Withdrawal hell - Gianna's experience at a not traditional detox place

I remember that during the time I was tapering off 6 drugs and later during nineteen months I spent tapering Effexor I thought that I should be either in hospital or in a place surrounded by people that understood the process I was through. When I reached the end of Effexor withdrawal I had so many withdrawal symptoms that I had to have people in my house during one month.
Living was impossible and I had to go back to Effexor. I felt extremely sad and a failure.
My mistake, now I can see, was taking away the last dose of Effexor instead of keep on it for a longer period of time since it was the most difficult dose to withdraw.
Gianna, who has withdrew 6 drugs during the last five years, was feeling so bad that she went to a detox place.
Read the post she has written about the first day she was there:
"Okay. I’ve arrived. I actually came in yesterday as the trip here–two days in the car, was rough. I feel a bit like I’m in the twilight zone. In some good ways, and some not so good."

"They got me started on a blend of IV nutrients and amino acids. Was hoping for so me quick relief, was told I might get quick relief. No such luck. I felt much worse throughout the IV. I got really scared as a result of that. Will it work? Can it work? Will I come out worse than I came in?

"It’s not that I don’t know it works for some people, I do know that. But I have always been trickier and stranger than “most people” and here I was feeling worse and worse as their concoction went into my vein.

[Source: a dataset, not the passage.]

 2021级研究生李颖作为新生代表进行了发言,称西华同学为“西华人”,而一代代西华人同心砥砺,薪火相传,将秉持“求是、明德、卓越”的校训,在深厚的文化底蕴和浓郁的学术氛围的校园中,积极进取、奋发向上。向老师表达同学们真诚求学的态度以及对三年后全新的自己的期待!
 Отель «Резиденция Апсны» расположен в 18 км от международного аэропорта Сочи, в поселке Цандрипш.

All the horrible stories about detox experiences started flooding my mind. I’ve heard hundreds of them. They are ALL about traditional detox centers. Not places like this. I am afraid though that for me it won’t be different that I might end up worse off."

I did want to say that the level of respect I’m being treated with is astonishing. No psych ward I’ve been in or detox center I’ve visited (as a professional social worker I spent time in detox and rehab centers from time to time) treat people so well. So in that respect, at least, I am being treated humanely and kindly.

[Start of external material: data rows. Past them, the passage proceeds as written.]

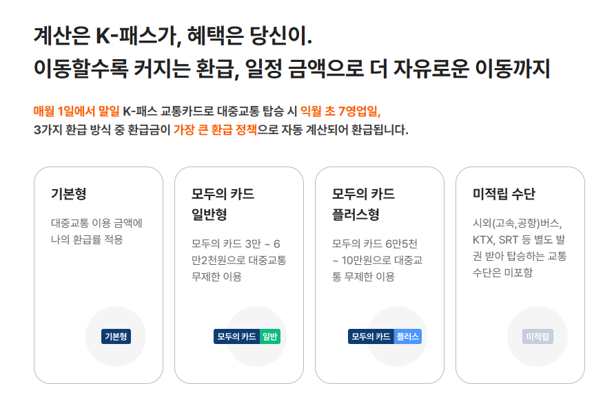 - 대상: 시내버스, 지하철, 광역버스, GTX 등 전국 단위 대중교통
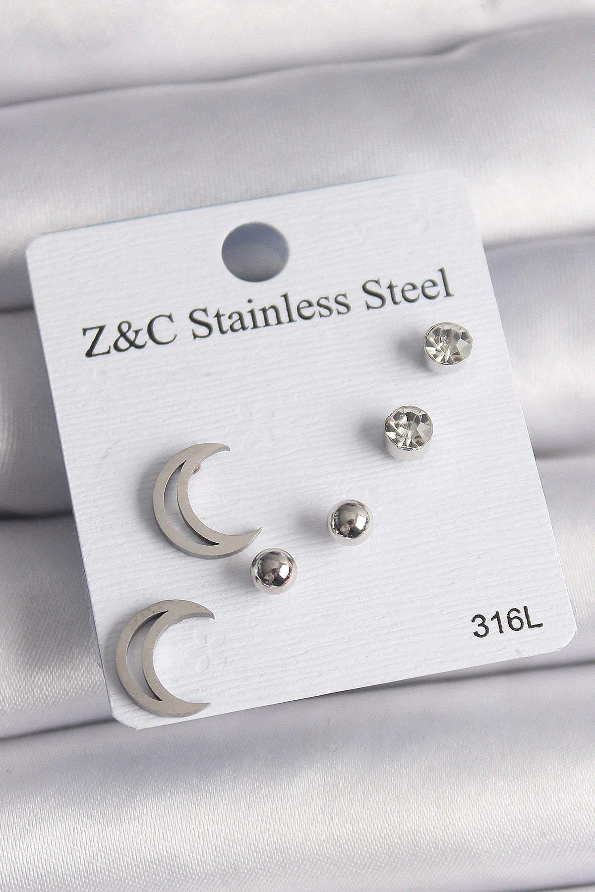 316L Çelik Gümüş Renk Zirkon Taşlı Hilal Model Kadın Küpe Seti
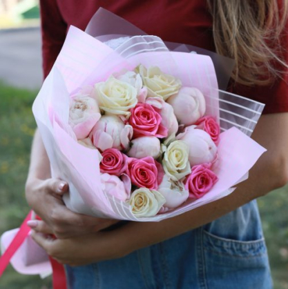 Букет розовые розы и пионы | Купить в Химках

Medically, on the other hand, I simply don’t know yet if they know what the fuck they are doing. But really I knew that coming in.

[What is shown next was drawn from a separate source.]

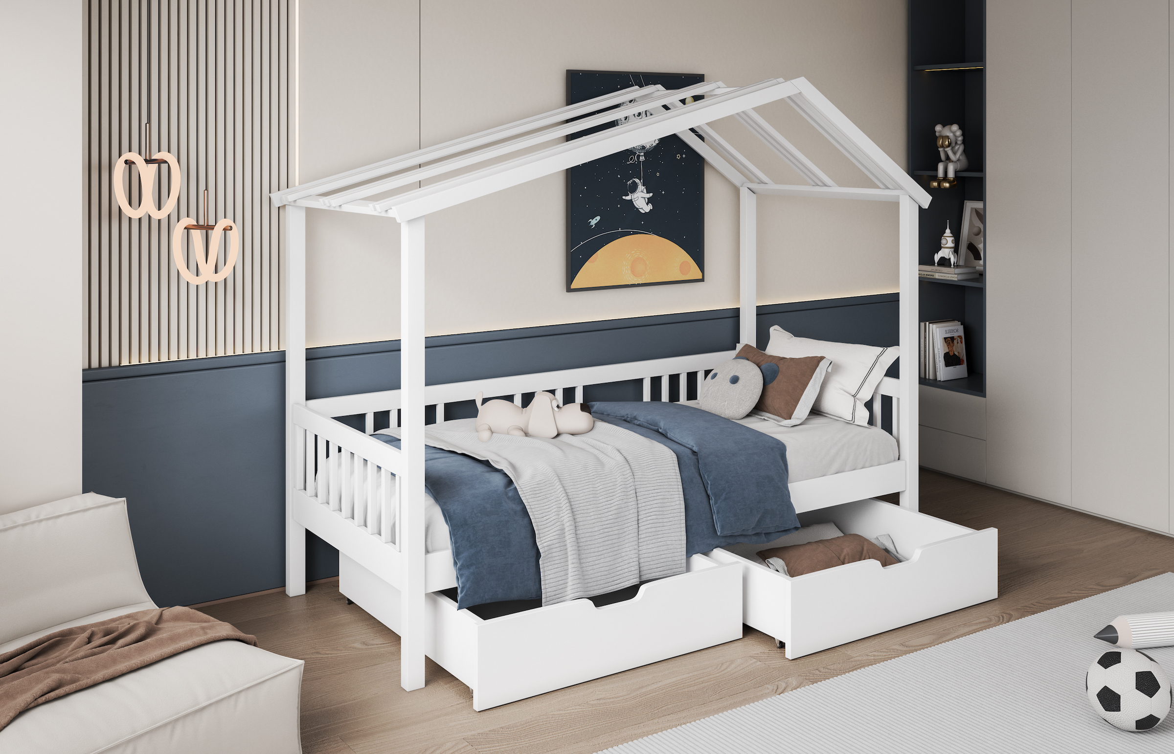 Κρεβάτι Σπιτάκι Pandora με Συρτάρια από μασίφ ξύλο 90×200cm (Δώρο 10% Έκπτωση στo Στρώμα)

I’m so wasted right now I have to stop. Hope I can say more later, but frankly, have no idea what direction this is going to move in. My tendency is to go silent on my personal shit when things are dark and ugly.

Peace out."
This is from one comment she did:
"The horror stories about detox that I’ve heard of are ALL from traditional detox centers that use hard core drugs to get you off of hard core drugs…doesn’t make much sense… and what I’m doing hasn’t been being done for all that many years and there aren’t that many facilities in the country that do it, so I’m learning by experience."
This is not a good place to be but I truly hope that Gianna can forget psychiatric yards and traditional detox experiences. What she is doing can be of great help for many people in the future.
Be at peace Gianna!

2 comments:

Monica Cassani said...

thank you sweet Ana...
I greatly appreciate the love of so many of you out there. I really feel it helps me heal.

peace to you too.

Ana said...

I'm glad to know things are getting better!